> _Problem to work on_
Would you transcribe the entries below word for word, omitting all images?

> _Provided data_
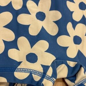 Primary, size 2. Great for toddler. Full arm coverage. Button snaps for easy swim diaper change. Pilling a tiny bit on the booty. Zip closure. Adorable blue floral swimwear for kids, perfect for fun in the sun. Comfortable and stylish design.
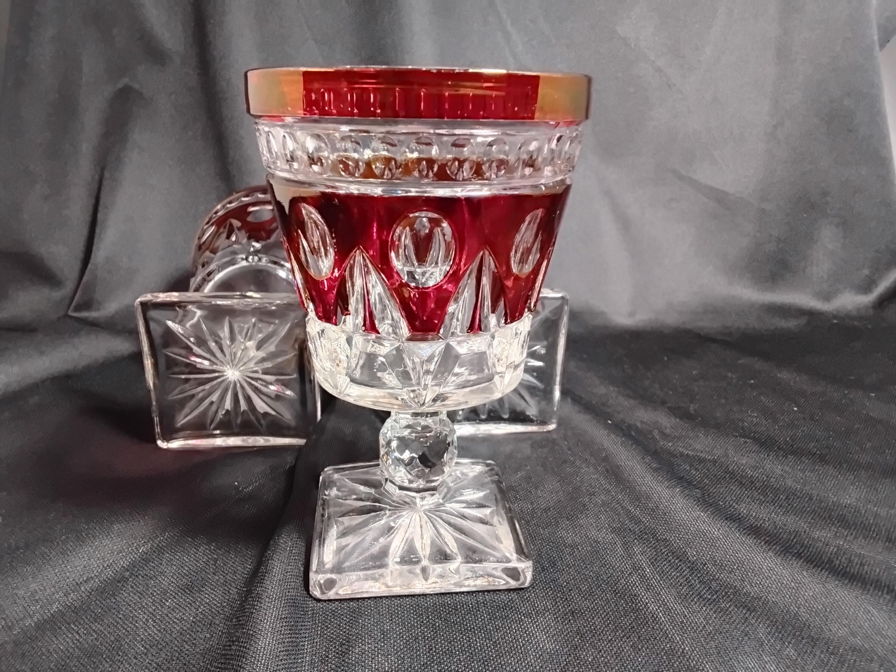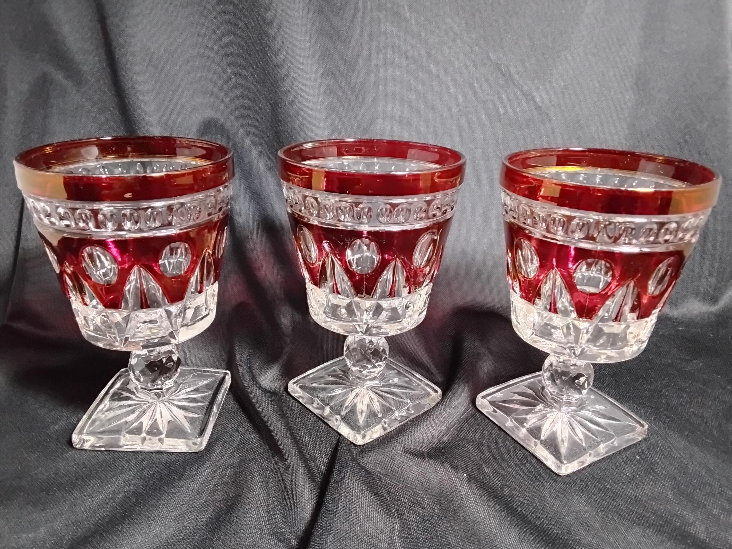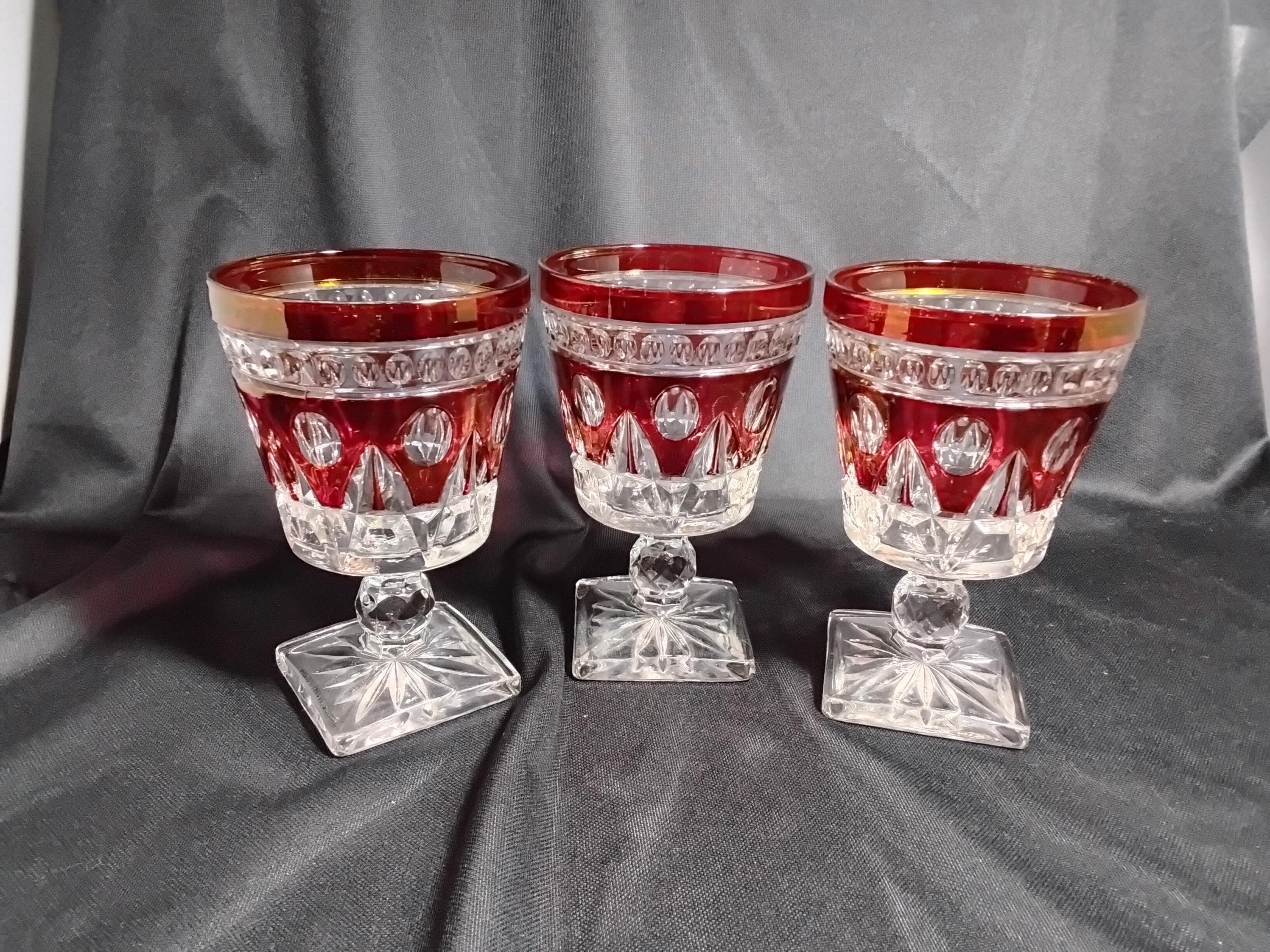 Beautiful regal looking Park Lane Ruby Red Flash water goblets by Indiana Glass are vintage from 1957 through early 1980's. The are in very good condition considering there age. Pattern is a unique thumprint design and a square starburst design on the base. To use or collect and display. They are unique and cango with any decor. Each glass is 5 1/4" tall, 4" wide. Each weigh 12oz. Set of 3.
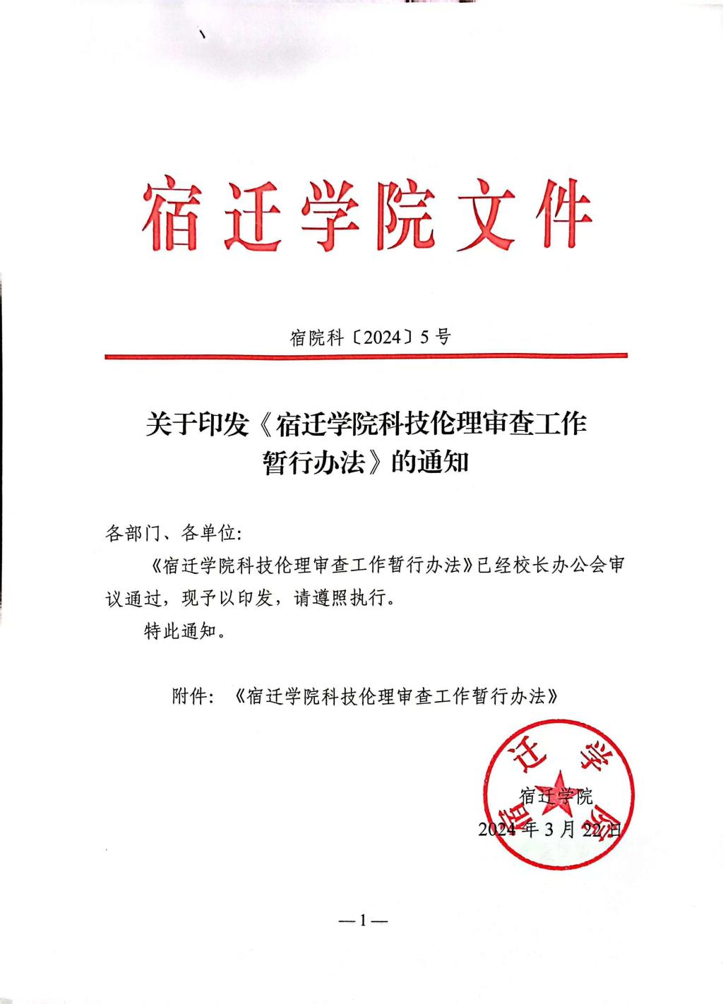宿迁学院科技伦理审查工作暂行办法(宿院科〔2024〕5号)
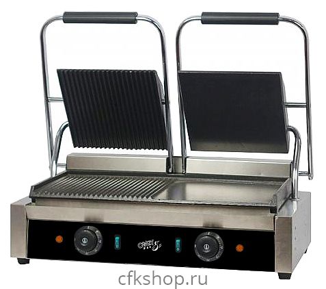 Контактный гриль Crazy Pan CP-CG44MT предназначен для жарки, быстрого приготовления и разогрева блюд из мяса, рыбы, птицы и полуфабрикатов на предприятиях общественного питания и торговли. Модель оснащена 2 световыми индикаторами нагрева, 2 переключателями питания, жиросборником и ручками. Рабочая поверхность имеет антипригарное покрытие.
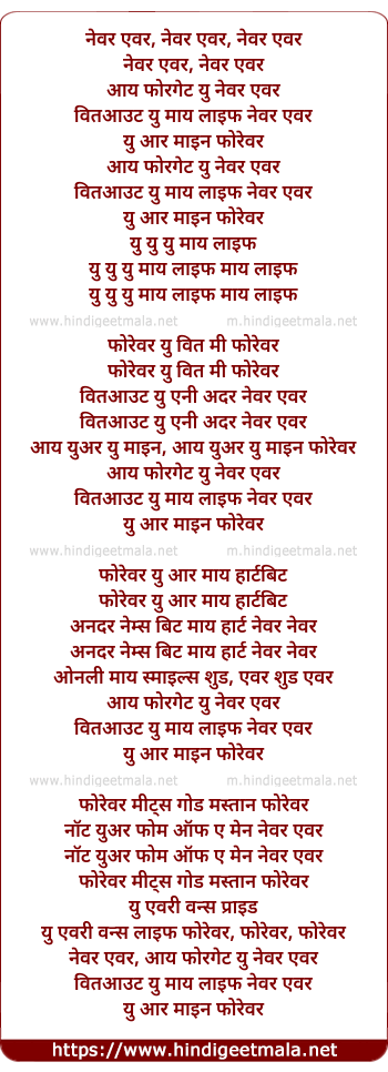 Poetic Translation - Lyrics of Never Ever (Remix) - नेवर एवर, नेवर एवर, नेवर एवर
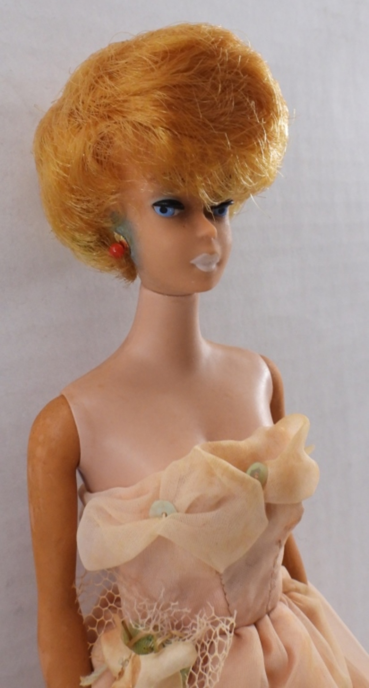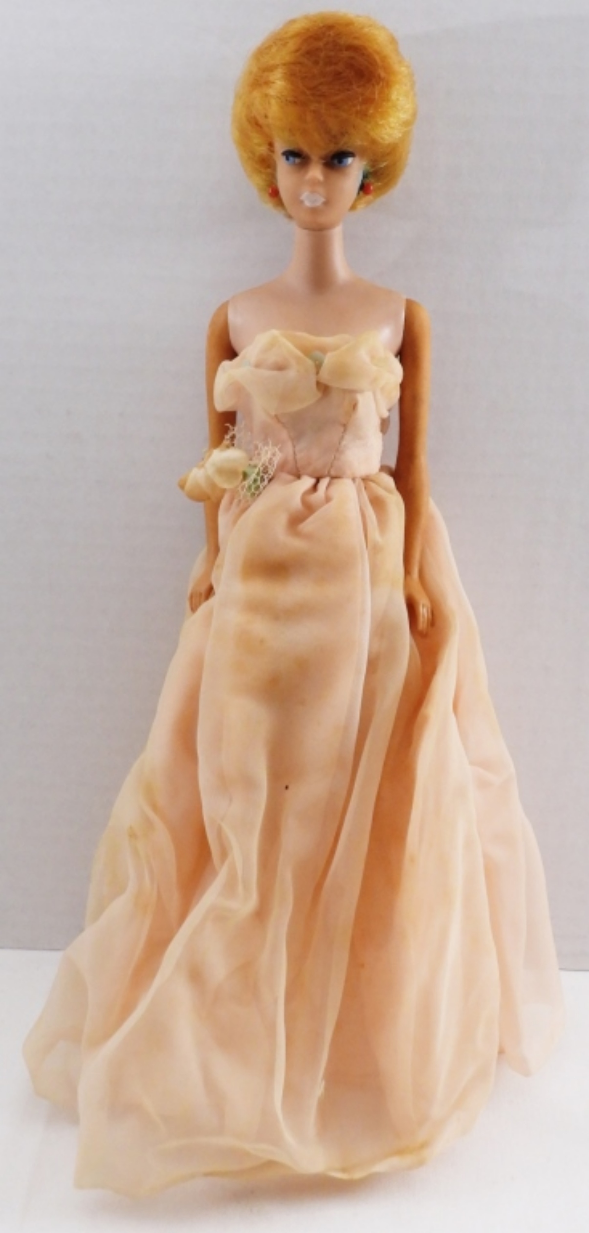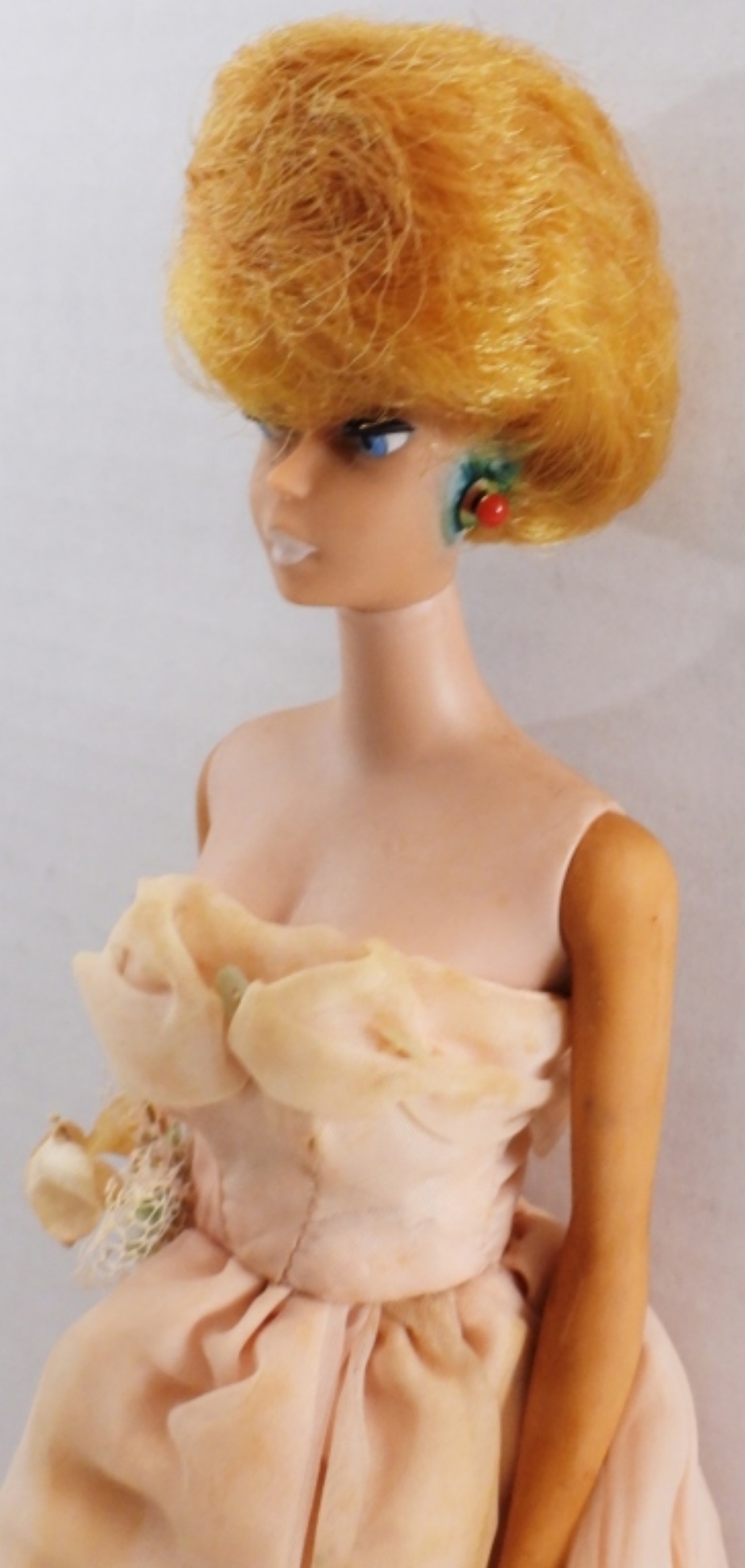 Beautiful Barbie, in a pale pink dress with pink heels ( small crack in one), box states “platinum bubble cut”, flower on dress is loose, dress is stained with time, Barbie’s ears have turned green, box in good

> _Solution for this problem_
 Primary, size 2. Great for toddler. Full arm coverage. Button snaps for easy swim diaper change. Pilling a tiny bit on the booty. Zip closure. Adorable blue floral swimwear for kids, perfect for fun in the sun. Comfortable and stylish design.
 Beautiful regal looking Park Lane Ruby Red Flash water goblets by Indiana Glass are vintage from 1957 through early 1980's. The are in very good condition considering there age. Pattern is a unique thumprint design and a square starburst design on the base. To use or collect and display. They are unique and cango with any decor. Each glass is 5 1/4" tall, 4" wide. Each weigh 12oz. Set of 3.
宿迁学院科技伦理审查工作暂行办法(宿院科〔2024〕5号)
 Контактный гриль Crazy Pan CP-CG44MT предназначен для жарки, быстрого приготовления и разогрева блюд из мяса, рыбы, птицы и полуфабрикатов на предприятиях общественного питания и торговли. Модель оснащена 2 световыми индикаторами нагрева, 2 переключателями питания, жиросборником и ручками. Рабочая поверхность имеет антипригарное покрытие.
 Poetic Translation - Lyrics of Never Ever (Remix) - नेवर एवर, नेवर एवर, नेवर एवर
 Beautiful Barbie, in a pale pink dress with pink heels ( small crack in one), box states “platinum bubble cut”, flower on dress is loose, dress is stained with time, Barbie’s ears have turned green, box in good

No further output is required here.